Justice, Equity, Diversity, and Inclusion
Another repeated focus of the University was creating a building and site that is intentionally inclusive by acknowledging and implementing the principles of Justice, Equity, Diversity and Inclusion (JEDI). From an early stage, the voices on the team represented diverse perspectives and wide-ranging experiences—each helping shape the building and experience of users.

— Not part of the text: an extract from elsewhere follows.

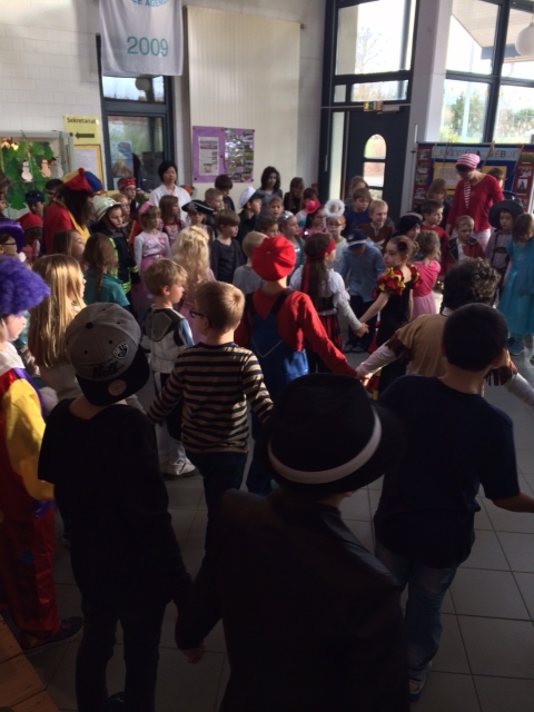 Am 08. Februar 2016 feierte unsere Schule wie in jedem Jahr den Rosenmontag. Von morgens an feierten die Schüler und Schülerinnen vergnügt in ihren Klassenräumen, bevor dann gegen 10 Uhr die alljährliche Polonaise stattfand. Dabei zogen alle Schüler und Lehrer mit musikalischer Begleitung vergnügt durch das ganze Schulgebäude. Bei einem gemeinsamen Kreistanz in der Pausenhalle endete diese klassenübergreifende Aktion. Danach ging es für die Kinder wieder zurück in ihre Klassenräume und weiter mit dem spaßigen Treiben. Es war wieder einmal eine schöne Abwechslung vom gewohnten Schulalltag.

The principles of universal design were the driving force behind many big-picture decisions including building siting (position a prominent entry near a public plaza/drop-off zone), interior circulation (clear expression of pathways and nodes, clustered elevators and stairs), and performance venue configuration (single-rake recital hall seamlessly provides wheelchair access to all sides and levels). Both patron and performer restrooms promote gender inclusivity through full-privacy partitions and gender-neutral configurations. The building also features a dedicated room for nursing mothers, and a separate quiet room reserved for building users experiencing sensory challenges. The design team met several times with OSU’s accessibility advocate as well as a third-party accessibility consultant who reviewed major deliverables. From gender awareness to mental health, the group worked through a variety of solutions to ensure that all aspects of the AEC were thoughtfully considered and integrated as part of the project’s design from the earliest stages.




From its inception, the OSU Arts and Education Complex project faced numerous challenges including a change in site, evolving programmatic desires, and a fixed budget in a fluctuating market, not to mention a global pandemic. What kept the project on track was a deep commitment from every member of the team and a clear set of guiding principles that were established at the onset of the project and remained consistent despite the surrounding changes. Now more than ever, major planning and capital projects need clear, common goals and a strong conceptual foundation to navigate changing times.